Advice for New Yoga Teachers
I've received a lot of emails from aspiring yoga teachers asking for advice on how to get into teaching, and whilst I'm by no means an expert, I thought I'd share some of the things that worked for me when I first started.
1. Don't delay - The longer you leave it, the harder it will be to take those initial steps, and the rustier you'll feel when it comes to actually teaching your first class. It's unlikely that there'll ever be a time where you feel truly 'ready', so that's why you've just got to dive in and go for it. Feel the fear, and do it anyway - even if it's just a case of organising a casual get-together with a group of friends in the local park to begin with. Once it's over, you may feel relieved, ecstatic, or completely mortified about how bad you thought it went (trust me, it's NEVER anywhere near as bad as you think), but at least you'll get the ball rolling and move past the initial feeling of fear.

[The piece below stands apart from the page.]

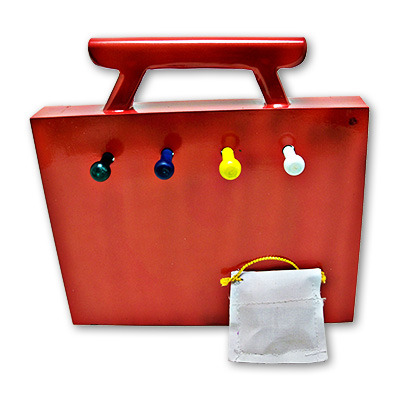 Magician draws attention to an opaque wooden brief-case which has 4 different colored pencils has some dollars hanging on it and the one who chooses the right pencil gets the dollars. Audience is given a free choice but the magician always wins.

2. Knock on doors - Whilst it might be considered to be a heavily saturated industry, especially somewhere like London, don't forget that there's still millions of people at your disposal, waiting for you to introduce them to the wonders of yoga. There is plenty of space for new teachers! Don't be afraid to email, call up, and pop in to studios in person - and if you don't get a response straight away, persevere. It is competitive, which is why the more pro-active you are, the better.
3. Be visible - Whether it's a Facebook or Instagram page or an actual website, make sure people can find you. Direct people to your page and let them know they can find out a little bit more about you and your offering. This suggests to prospective studios and clients that you are serious about it.
4. Practice with other teachers - Whilst you're in the process of finding your voice and your teaching style, try out as many different classes with as many different teachers as you can. Not only will this help to develop your personal practice, but it will help you to refine your own style of teaching. Introduce yourself to the teachers and the studio managers and say that you're a new teacher - it's a very supportive community here in London, and people are generally very open and happy to give advice.
5. Find your own voice - The above being said, whilst it's great to draw inspiration from other teachers, don't worry about what anybody else is doing and don't try to impersonate. Ask yourself questions like - what drew me to yoga in the first place? What do I enjoy most about the practice? What do I want to share?
Whatever the answers may be, just do YOU. Some people will love you, some people won't. And that's okay. Nobody can ask anything more of you as long as you stay true to yourself. The right students will gravitate towards you and you'll soon have a community of supportive students who come to your classes because they enjoy your teaching.
6. Keep Learning - Take some time to think of a theme or structure to your lesson. Swot up on your asanas. anatomy and philosophy whenever you get the chance to, so that you can bring a little something extra to your classes each week.